Достаточно того, чтобы любить смерть, — ответил я, — это и есть тайная сущность Ставрогина, таков тайный смысл его ужасной исповеди. Муссолини знает, что его дочь принадлежит к породе Ставрогиных, и боится ее; он приказывает присматривать за ней, хочет знать каждый шаг ее, каждое ее слово, каждую мысль, каждый порок. Он дошел даже до того, что бросил в ее объятия человека из полиции, чтобы иметь, наконец, возможность хотя бы глазами другого следить за своей дочерью в такие минуты, когда она собой не владеет. Что он хотел бы вырвать у нее, так это исповедь Ставрогина. Его единственный враг, его подлинный соперник — это его дочь. Она — его подсознание. Вся черная кровь всех Муссолини течет не в жилах отца, она течет в жилах Эдды. Если бы Муссолини был наследственным монархом, а Эдда — его наследным принцем, он заставил бы ее отречься, чтобы чувствовать себя более уверенно на троне. В конце концов Муссолини счастлив, что его дочь ведет столь беспорядочную жизнь и что столько зла подстерегает ее. Он может царить в мире. Но может ли он мирно спать? Эдда неумолима: она преследует его по ночам. И однажды между этим отцом и этой дочерью прольется кровь…

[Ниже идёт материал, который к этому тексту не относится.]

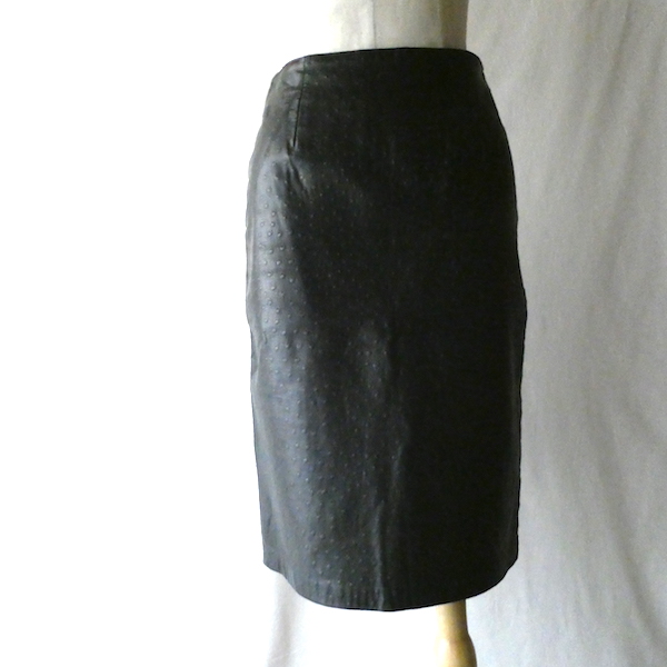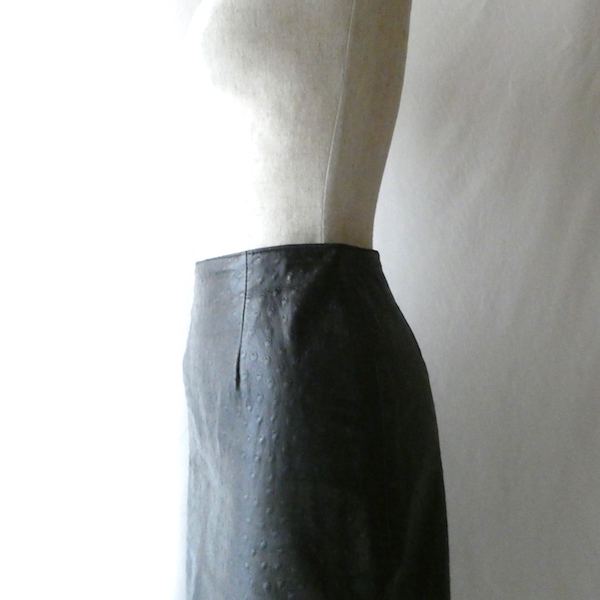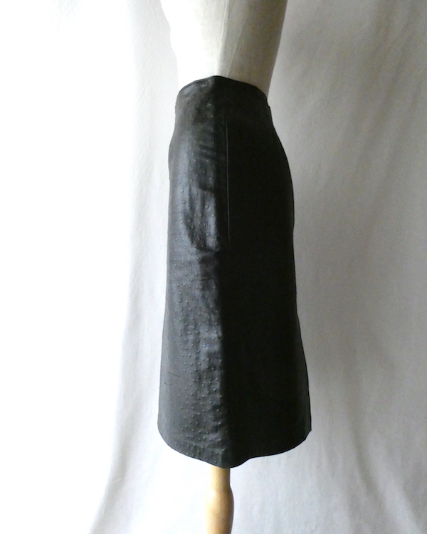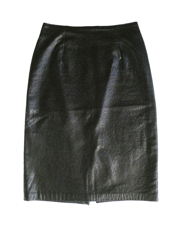 90’s ostrich embossed black leather skirt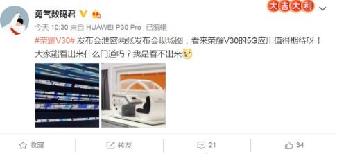荣耀总裁赵明曾表示,荣耀V30是荣耀最强5G手机,是5G时代年轻人全场景智慧生活的中心,将综合运用AI、AR/VR等领域最新成果,通过分布式技术连接各种设备,强力支撑基于年轻人场景的业务和应用,为年轻人打造出综合的5G解决方案,而今天有KOL在微博泄密了两张发布会现场图,科技感的装置和布景似乎也在暗示荣耀V30的5G应用,十分令人期待。

— Вот романтичная история, — сказала княгиня фон Т. — Разве это не история Эдипа[573]?

— Да, быть может, — ответил я, — в том смысле, в каком тень Эдипа существует также и у Ставрогина.

— Я думаю, что Вы правы, — сказал Дорнберг, — достаточно того, чтобы любить смерть. Один врач из немецкого военного госпиталя в Анакапри, капитан Кифер, был вызван однажды в гостиницу Кизисана, чтобы осмотреть графиню Чиано, которая страдала сильными и упорными головными болями. Таким образом, он получил возможность наблюдать Эдду вблизи. Капитан Кифер — хороший немецкий врач, который умеет смотреть в корень дела и знает, что все болезни таинственны. Он вышел из комнаты графини Чиано глубоко потрясенный. Позже он рассказал, что заметил на ее виске белое пятнышко, похожее на шрам от пистолетного выстрела. Он добавил, что это, несомненно, шрам от того пистолетного выстрела, который она, со временем направит себе в висок.

— Еще одна романтическая история! — воскликнула княгиня фон Т. — Я должна признаться, что эта женщина начинает меня привлекать. Вы на самом деле думаете, что она покончит с собой в тридцать лет?

— Не бойтесь: она покончит с собой в семьдесят лет! — неожиданно сказала Джозефина фон Штум.

Мы все повернулись и посмотрели на нее с изумлением. Все стали смеяться. Я смотрел на нее молча: она была очень бледна и улыбалась.

— Она не принадлежит к породе бабочек, — сказала Джозефина фон Штум презрительно.

Наступило мгновение неприятного молчания.

— Когда я в последний раз возвращалась из Италии, — произнесла, наконец, Вирджиния Казарди, со своим американским акцентом, — я привезла с собой итальянскую бабочку.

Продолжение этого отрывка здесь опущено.